Olsen agrees: "Times are hard and we thought about not having one but decided to have one - and a good one - because everyone has worked very hard this year."

"It's been a tough year, but people deserve a good old knees-up at our expense," is the sentiment of Grant Duncan, Publicis' joint chief executive.

The agency held a Moulin Rouge-themed party on the Embankment.

Several agencies, including Rainey Kelly Campbell Roalfe/Y&R and Bartle Bogle Hegarty, guarded the details of their Christmas parties because they were planning a big surprise for staff. But Campaign's ring round uncovered that there's less to distinguish adland's finest than many had thought before. Both BMP DDB and TBWA/London planned a panto based on Aladdin. TBWA's will be a management-acted version called A Lad In Advertising, and has been written by the chairman, Trevor Beattie.

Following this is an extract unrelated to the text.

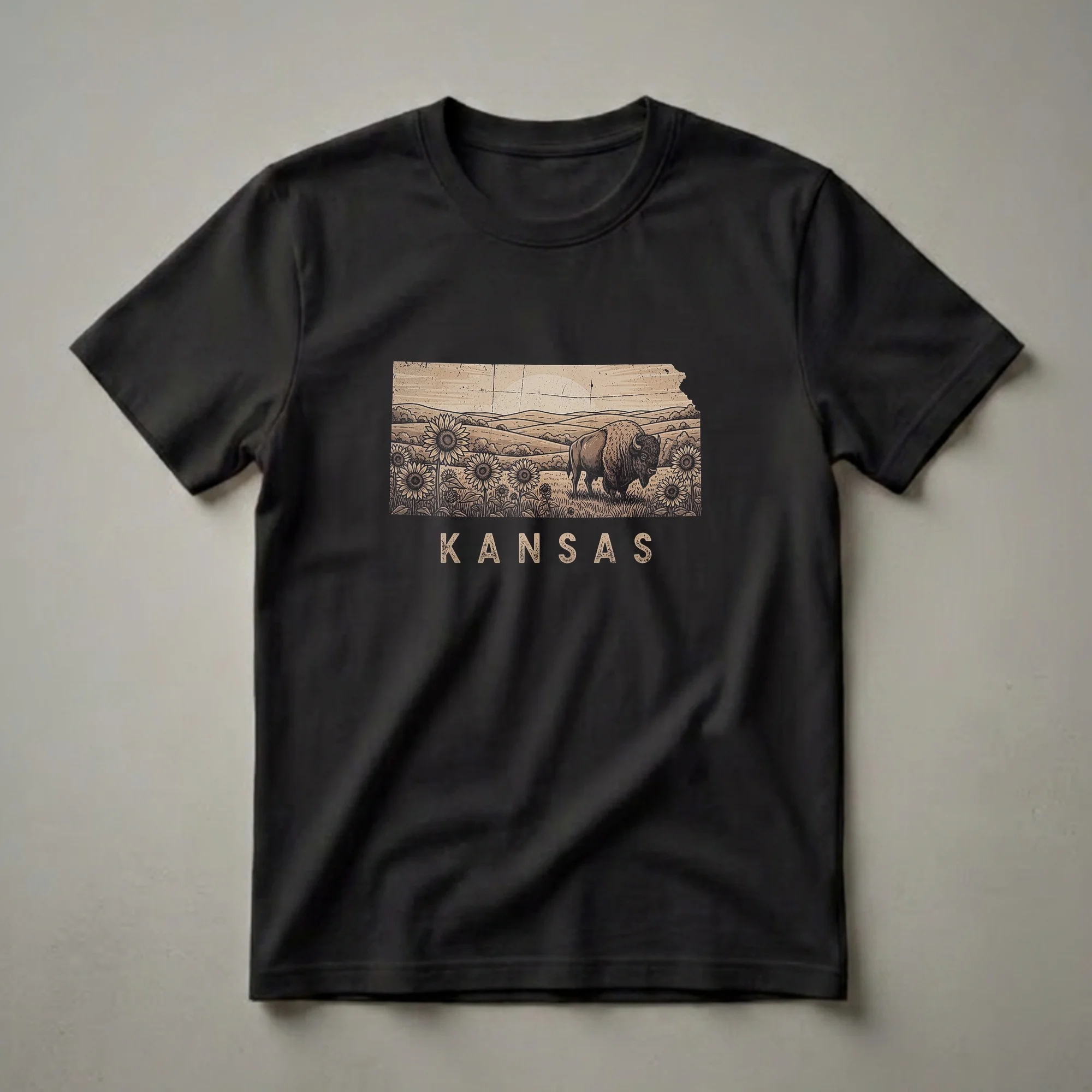 Kansas residents and admirers of the Sunflower State will appreciate this unique graphic tee. The design is rendered in a vintage, sepia-toned drawing style, showcasing the outline of Kansas filled with a picturesque prairie scene. Dominating the landscape is a majestic bison, a symbol of the American plains, standing amidst a field of blooming sunflowers. Rolling hills and a distant sun complete the idyllic vista, evoking the vast, open spaces characteristic of the central plains. Below the artwork, the word "KANSAS" is emblazoned in distressed, block lettering. This t-shirt works well for Kansans who want to display their state pride or for anyone who appreciates the natural beauty and heritage of the region. It makes a thoughtful gift for friends or family members who have a connection to Kansas, perhaps for a birthday or as a souvenir. Wear this shirt to local events, casual outings, or while exploring the scenic beauty of the state.

Some agencies use the Christmas party to raise money for charity. At BMP, staff had to pay £6 to watch the panto, which will then go to charity.

BHO's donation was a little more imaginative, however.

Staff have been paying to vote which member of its management team it would like to see perform the David Brent dance on the night of the Christmas party. Olsen is sure staff will pick him, but is trying to steer the vote by offering to donate an extra £1 for every vote directed at Paul Houlding, the agency's new-business director.

So it transpires agency management across the advertising world has not used the recession as an excuse to cancel the Christmas party and avoid every chief executive's annual nightmare: the alcohol-fuelled bravado of staff telling them what's wrong with the agency, using a finger-stabbing gesture and the line "and another thing ...".